Required action. Copy the records below, from the line containing "TWO BRADY CANVAS" through the last line; leave out pictures.

■ ■ ■ ■ ■ ■ ■

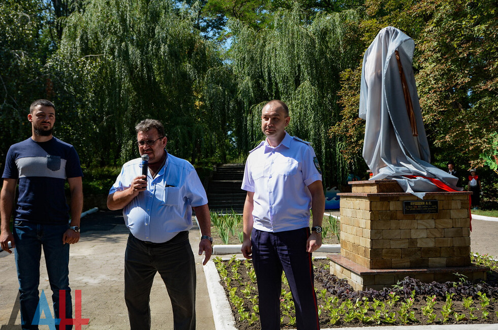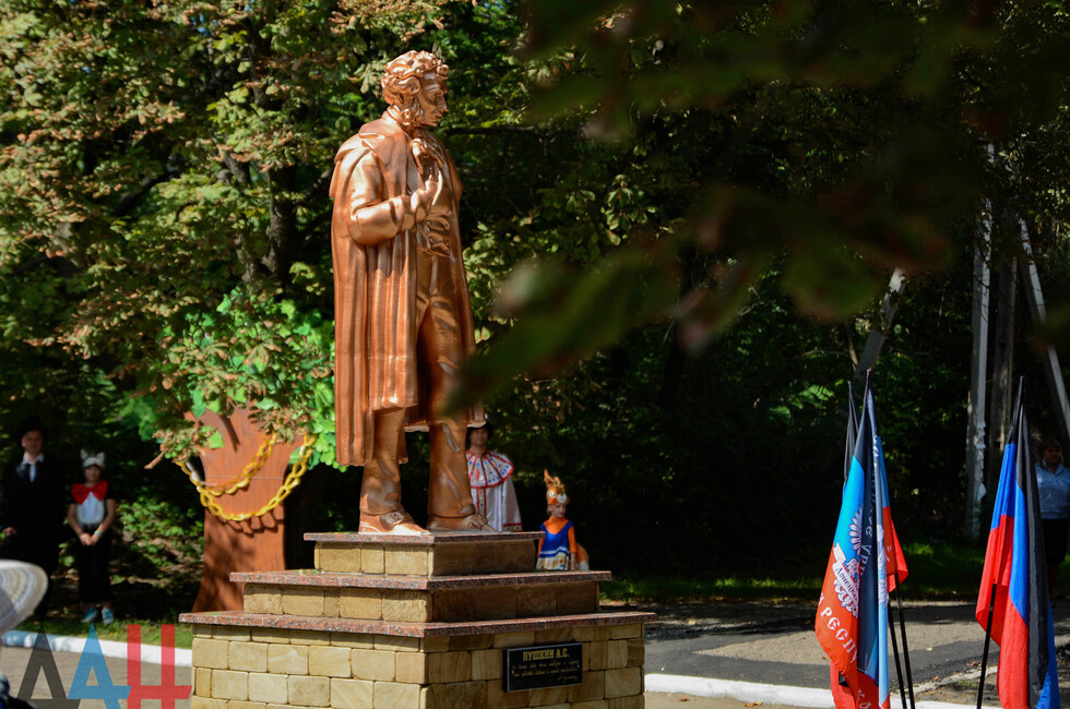 Донецк, 25 авг – ДАН. Торжественное открытие памятника великому русскому поэту Александру Пушкину состоялось сегодня у одноименного дворца культуры в Буденновском районе Донецка по случаю 150-летия со дня основания города.
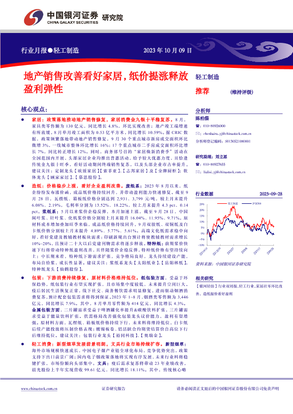 【银河证券】【20231009】轻工制造行业月报:地产销售改善看好家居,纸价提涨释放盈利弹性-19页
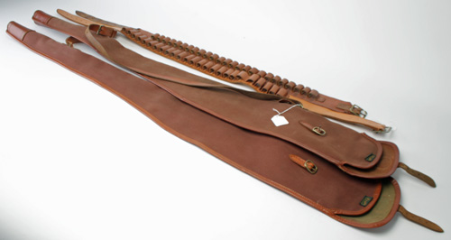 TWO BRADY CANVAS AND LEATHER SINGLE GUNSLIPS together with two leather cartridge belts (4)
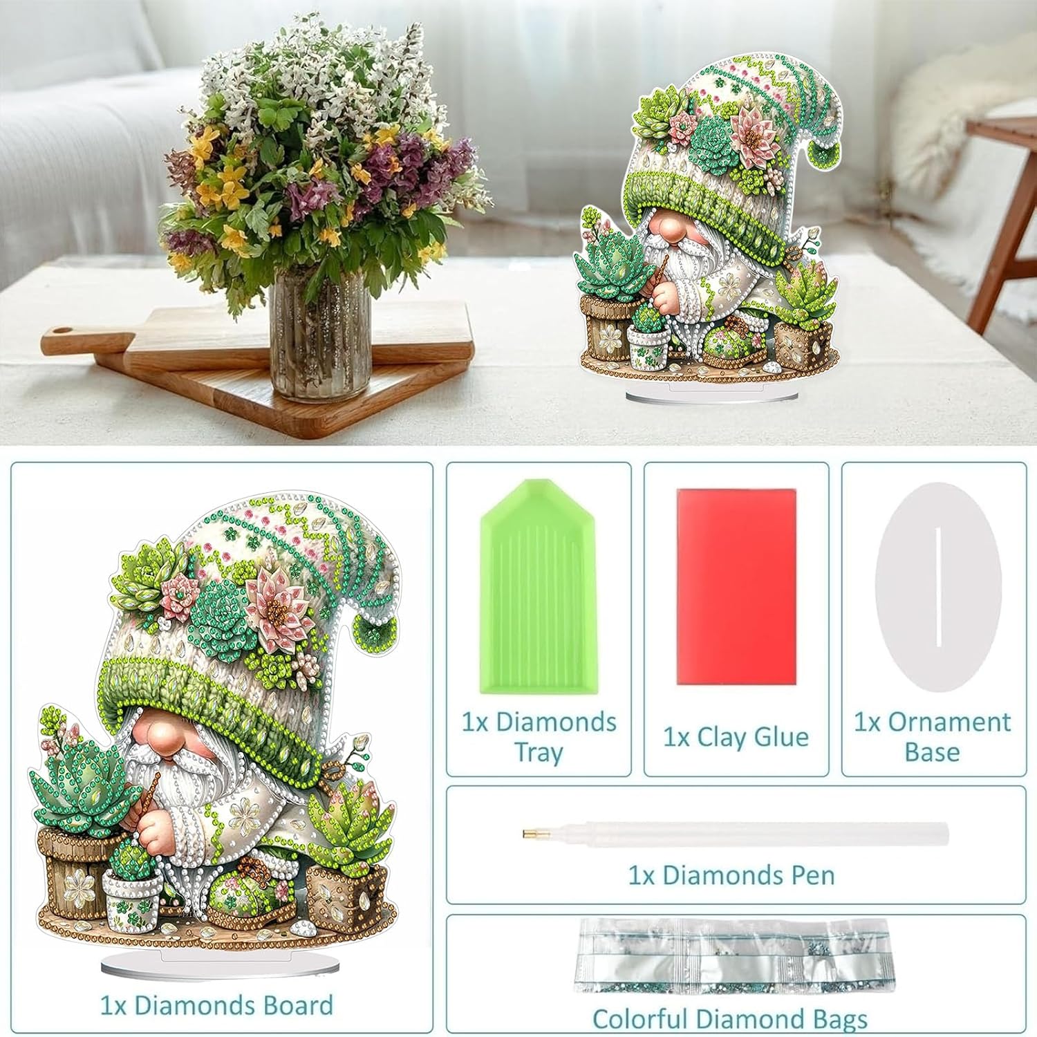 Diamond Painting Kits for Adults Beginners, 5D Full Drill Dwarf Succulents Crystal Art Desktop Ornament, DIY Single Sided Home Office Desk Decor, Creative Craft Gift Set with Tools
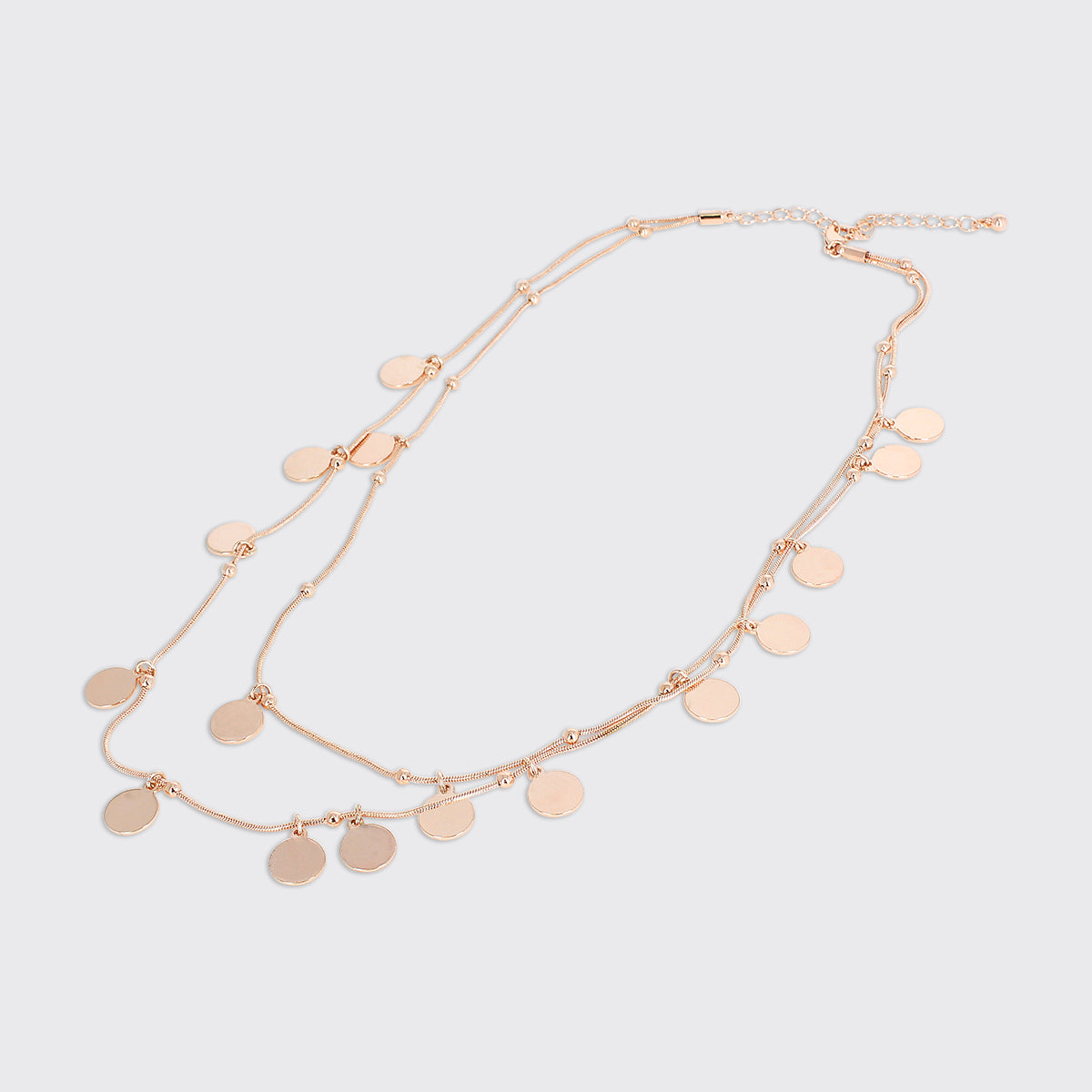 This double layer necklace features delicate chains paired with coin-like discs, it's perfect for daytime or evening wear. |

■ ■ ■ ■ ■ ■ ■

Result of this exercise.
 TWO BRADY CANVAS AND LEATHER SINGLE GUNSLIPS together with two leather cartridge belts (4)
 Diamond Painting Kits for Adults Beginners, 5D Full Drill Dwarf Succulents Crystal Art Desktop Ornament, DIY Single Sided Home Office Desk Decor, Creative Craft Gift Set with Tools
 This double layer necklace features delicate chains paired with coin-like discs, it's perfect for daytime or evening wear. |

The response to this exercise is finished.